Eggs of the Gull

They’re incredible and edible, but rare.

By John Whitley

Published on May 21, 2008

The British larder holds a national treasure considered by some to be the equivalent of France's black truffles or Russia's caviar: the eggs of the black-headed gull. A bit smaller than hen's eggs, these are laid by the millions throughout Britain and collected from early April through mid-June. They are said to be far more savory than quail's eggs and are traditionally boiled for eight minutes, then eaten cold with a pinch of celery salt. Enthusiasts seek them out for their pure, clean, tangy flavor as well as for their bright orange yolks and translucent whites.

A century ago, when gull's eggs were everyday food in Britain, no rules governed their gathering. Typically, urchins would wade through marshes or scramble along beachfront cliffs (some seagulls nest in rather precarious locations), pocket the goods, and sell them—tuppence for a nest's worth. Environmentalists today, however, believing that the birds need protection, have imposed limits on the harvest of their eggs. Each season, for example, only 10,000 gull's eggs may be gathered from Earl Haig's estate, near Melrose in southeastern Scotland. "You could easily take twice that number without the gulls noticing," says Alex Aitken, owner of Le Poussin, a restaurant in the New Forest, about 100 miles south of London. "The important thing is to collect the eggs daily so that they don't become addled. And always leave a clutch to hatch so that the gulls will come back next year."

It's probably just as well that the gull's-egg harvest is now restricted, because the eggs have fallen out of culinary fashion—and are likely to be found today in only a few British shops and restaurants. They remain especially popular, however, among the crusty gents at exclusive London men's clubs. There, the eggs are lined up at the bar and served with cocktails. "We used to sell thousands a day," says Syd Short, who wholesales the eggs to butchers and game dealers at Smithfield, London's major meat market. "We'd get them either from kids who'd go 'nesting' on weekends or all jumbled up with lapwing's eggs and sawdust in huge crates from Denmark." Even as sales have greatly decreased, however, prices have risen, to as much as £1.50 (about $2.25) per egg.

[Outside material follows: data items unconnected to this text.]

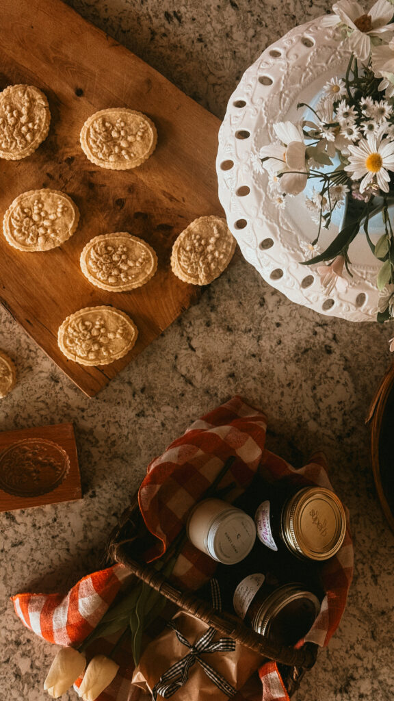I pressed these into a mold and dusted them in powdered sugar and honestly could not stop looking at them. Tucked into a little spring basket with some jam from the pantry and a candle they make the most perfect spring equinox gift for someone you love.
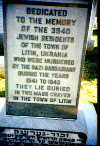 One of the first monuments dedicated to the martyrs [of the Holocaust] was erected by the Litiner Podolier Aid Organization and Ladies Auxiliary. It was dedicate in 1947 and is located at Mt. Hebron Cemetery. Several points make it a memorial of note.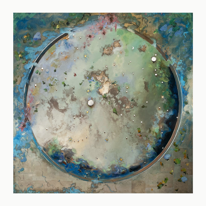 Rivers focuses on silver, tints of white and pale blues to make a subdued, translucent and ghostly image, whose surface appears oily and melting. The stars pop up in high relief through the paint film. This palely shining image has a metallic and almost icy quality.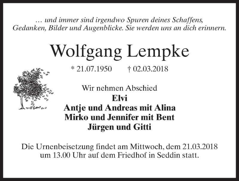 Hier finden Sie alle Traueranzeigen aus der Zeitung, die bisher für Wolfgang Lempke erschienen sind. Weitere Traueranzeigen, die in der Zeitung erscheinen, werden hier ebenfalls aufgelistet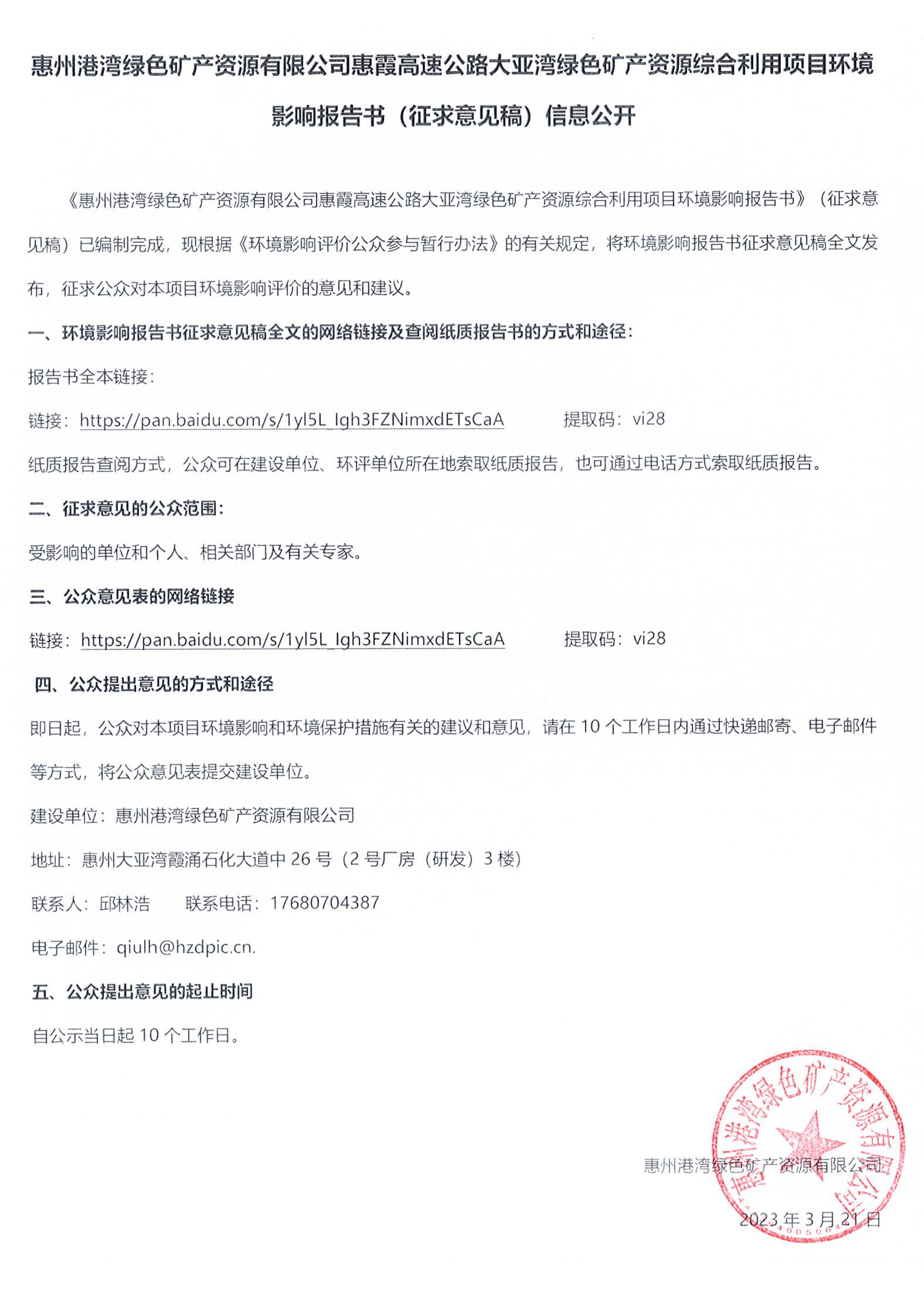 惠州港湾绿色矿产资源有限公司惠霞高速公路大亚湾绿色矿产资源综合利用项目环境影响报告书(征求意见稿)信息公开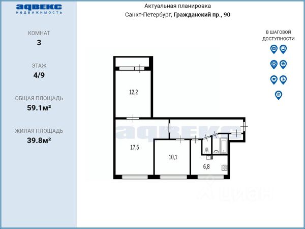 Микрорайон обжитый: до ближайшего продуктового супермаркета - 300 метров, до взрослой и детской поликлиник 500 метров, до школы 300 метров, до детского садика 600 метров, до музыкальной школы 800 метров, рядом с домом детская площадка, в 500 метрах, на краю соснового парка спортивный комплекс Зенит, в шаговой доступности, на пр. Науки множество различных магазинов.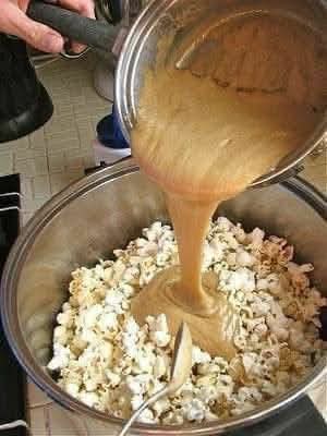 - Quickly pour the caramel over the popcorn and toss until well-coated.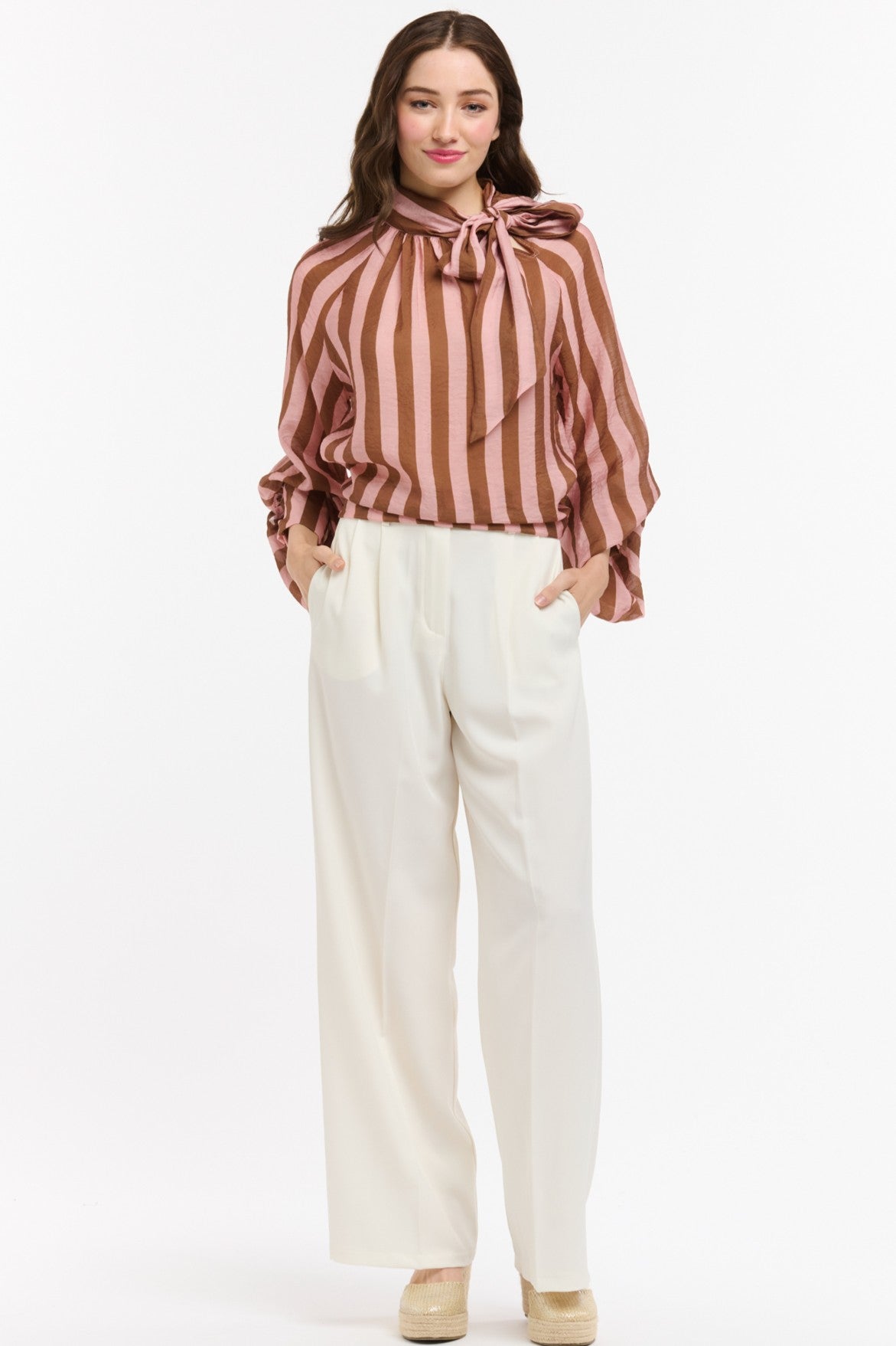 Bold yet beautifully refined, this striped blouse pairs warm brown and soft blush tones in a striking vertical pattern. The statement bow neckline adds a sculptural touch, while the gathered sleeves create volume and movement without overwhelming the silhouette. Cut from a lightweight, fluid fabric, it drapes with ease and brings a fresh, modern twist to classic shirting.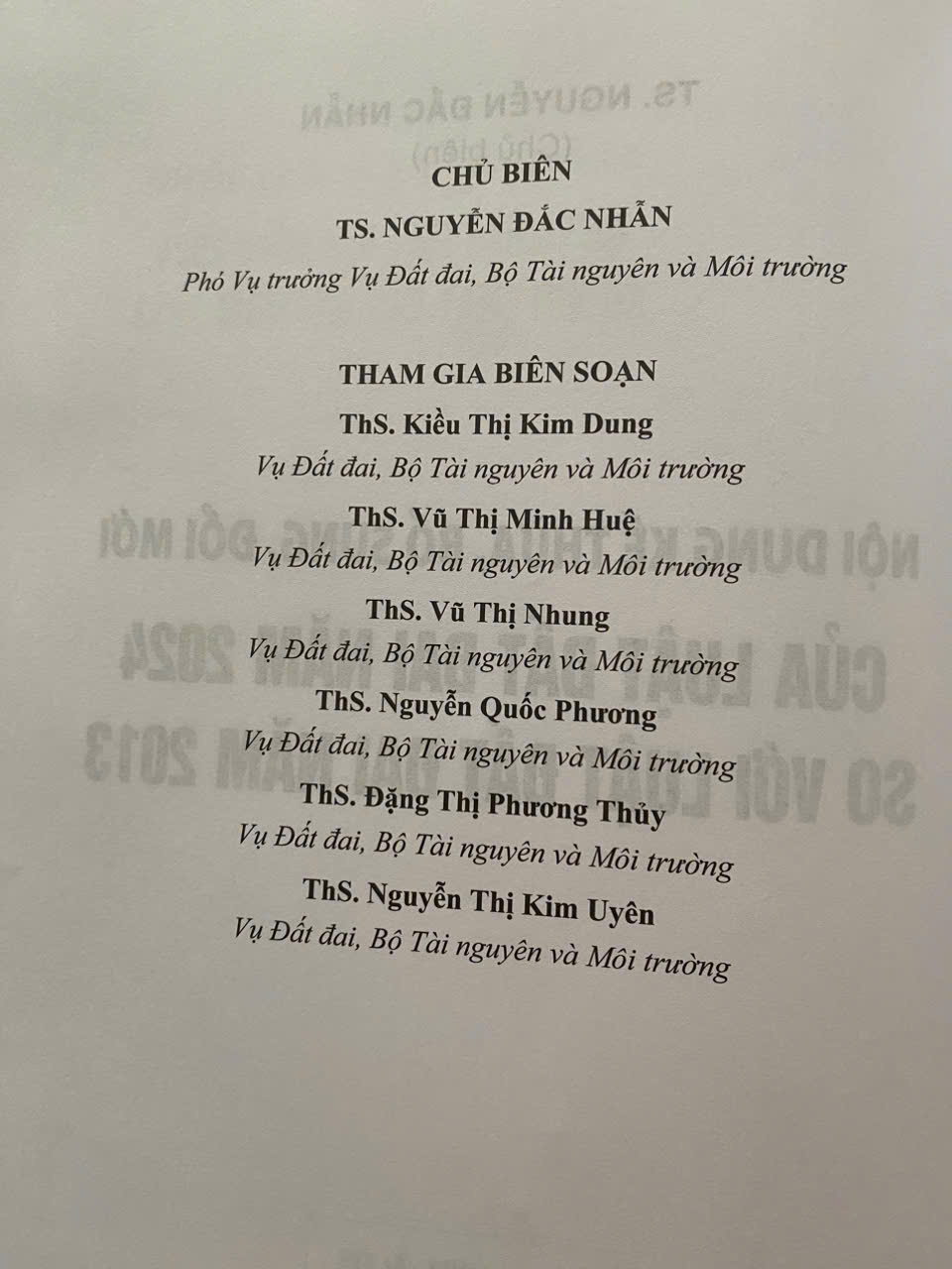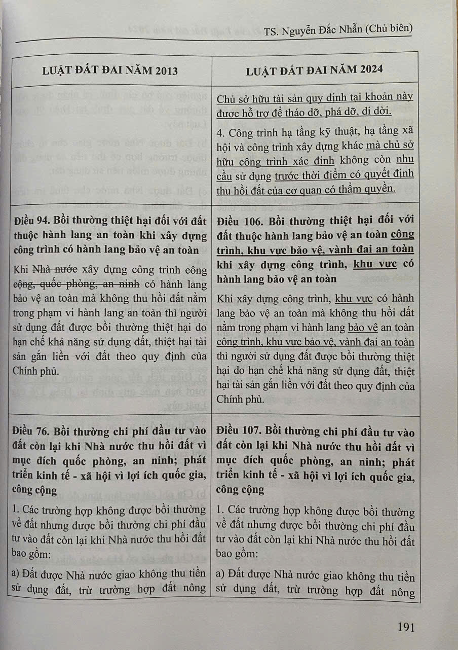 Các tác giả đã dày công thể hiện rõ, cụ thể những nội dung được kế thừa, nội dung bị lược bỏ của Luật Đất đai năm 2013; những nội dung mà Luật Đất đai năm 2024 sửa đổi, bổ sung.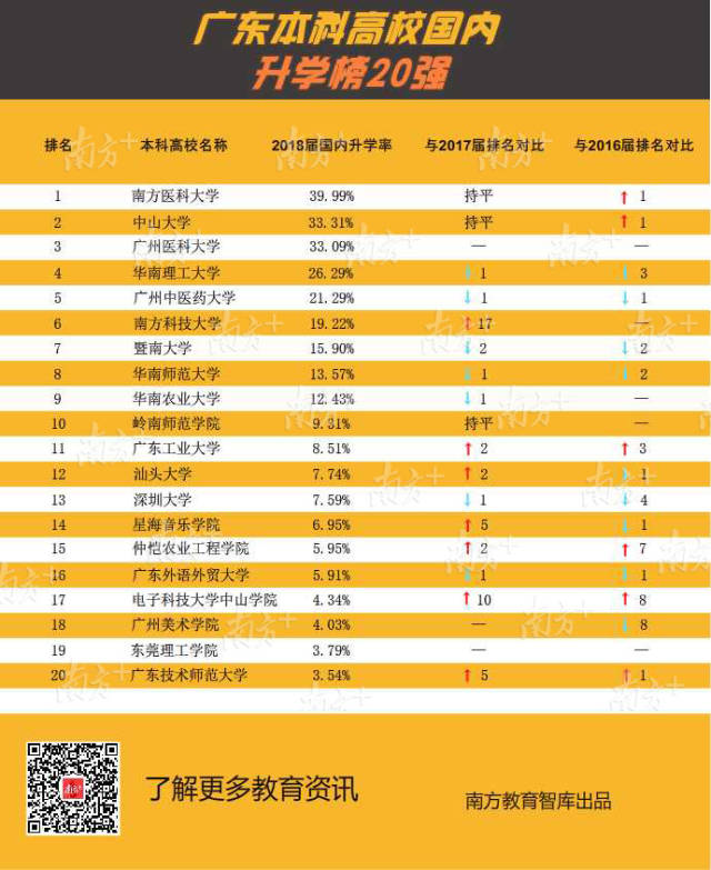 在發(fā)布“薪酬榜”后(點擊查看“薪酬榜”),今天南方教育智庫繼續(xù)獨家推出廣東高校“升學(xué)榜”,梳理全省123所高校發(fā)布的《2018年畢業(yè)生就業(yè)質(zhì)量年度報告》的關(guān)鍵數(shù)據(jù),聚焦畢業(yè)生的深造路徑和升學(xué)比例。其中南方醫(yī)科大學(xué)、中山大學(xué)、廣州醫(yī)科大學(xué)本科畢業(yè)生國內(nèi)升學(xué)率位列前3名,均超過33%。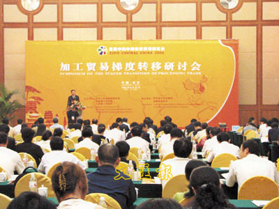 ■「加工貿易梯度轉移研討會」昨日在長沙舉辦。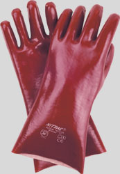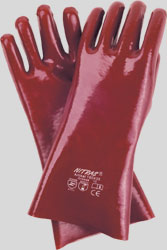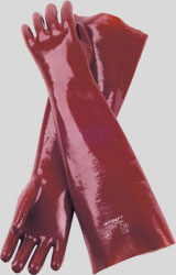 Nitras PVC gloves, reddish brown, fully coated, double dipped, 35cm length EN 388 CAT2 and EN 374 CAT3 |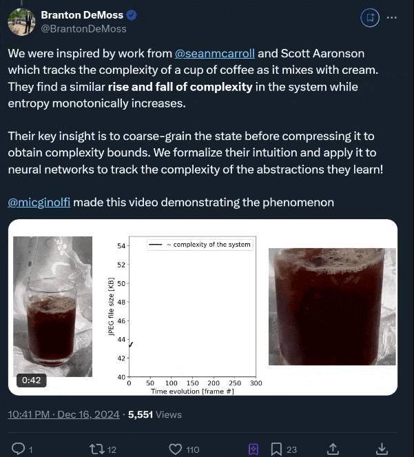 通过观察咖啡与奶油混合的现象,Scott等人发现复杂性随着时间的推移首先上升,然后下降,这一过程与熵单调增加的趋势相似。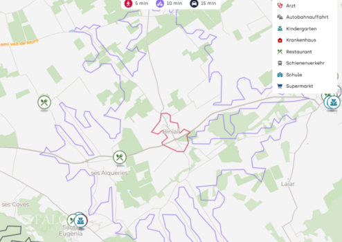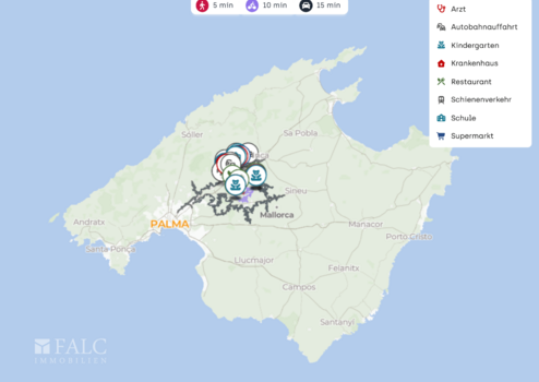 Die nächste Autobahnauffahrt zur Ma 13 liegt nur ca. 5 km entfernt und verbindet Sie zügig mit Palma sowie mit Orten entlang der zentralen Inselachse. Der Flughafen Palma de Mallorca ist je nach Verkehr in etwa 30 bis 40 Minuten mit dem Auto erreichbar. Auch der öffentliche Nahverkehr ist nutzbar, mit Busverbindungen Richtung Palma, sodass Sie flexibel bleiben.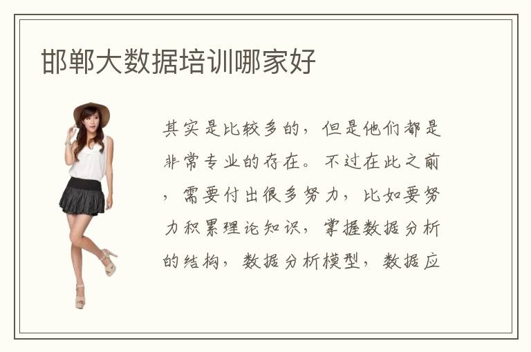 其实是比较多的,但是他们都是非常专业的存在。不过在此之前,需要付出很多努力,比如要努力积累理论知识,掌握数据分析的结构,数据分析模型,数据应用领域等等课程。邯郸大数据培训大数据培训机构技术难度都不是太大,所以大家除了要考虑难度之外,还要多关注教学的方式,学生的教学成果,多考虑教学环境和师资力量。另外,为了得到比较大的进步,需要与老师详细沟通,了解以后可能会面对的问题,然后提前进行解决。这个过程需要结合大数据相关的需求,实现软件系统以及功能模块的开发。许多大数据专业课程都是跟应用相关,有的同学只看到一些书本的内容,而且只关注浅层知识,不知如何应用,更不了解如何将所学的内容与工作结合,导致成绩比较普通。如果觉得自己的技术不够高端,一直都处于中上游的阶段,那么可以在老师的帮助之后制定更多高端的技术项目,掌握之后可以成为行业内非常优秀的人才。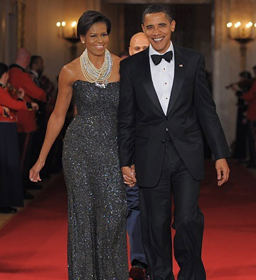 當(dāng)米歇爾-奧巴馬穿著Jason Wu的時(shí)裝出現(xiàn)在奧巴馬就職晚宴上的那一刻,向全世界展示了她的時(shí)尚立場(chǎng)——即使是第一夫人,也需要符合潮流的衣裝。白色及地單肩晚禮服,極顯優(yōu)雅與穩(wěn)重,特意提高的腰線,緊身抹胸式設(shè)計(jì)更能凸顯胸部線條,腰線下順暢的大裙擺將略發(fā)胖的臀部巧妙地隱藏起來。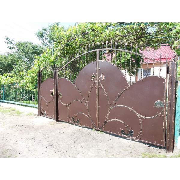 Ворота кованые Пікова дама эксклюзивная работа наших мастеров для вашего дома. Модель плюс (+ 7070 грн) Ворота кованые Пікова дама Профильная труба 30 х 30 мм Квадрат 12 Пики литье Листовой металл 1,2 мм Корзина 70 Грунт и краска Sniezka (производство Польша). Нанесение патины, напыления. Ворота кованые Пікова дама Плюс Профильная труба 40 х 25 мм Квадрат 14 Пики кованые Листовой металл 1,5 мм Корзина 70 Грунт и качественная краска (производство Испания). Нанесение каучукового покрытия, нанесение цветного напыления, патина, лак

"Once people try them," Aitken says, "they really become enthusiastic." Nevertheless, the only other country where their flavor is appreciated, according to gull's-egg exporters, is Holland. (The eggs are not available in the United States.) Aitken, who calls the eggs' flavor "incomparable", adds them to salade niçoise and serves them soft-boiled with hollandaise and marsh samphire, a kind of asparagus native to the area. "People go mad over them," he says. Not Short, who, after years in the gull's-egg business, has never actually eaten one. "I see what the gulls are picking up, what they're eating," he says, "and I just can't."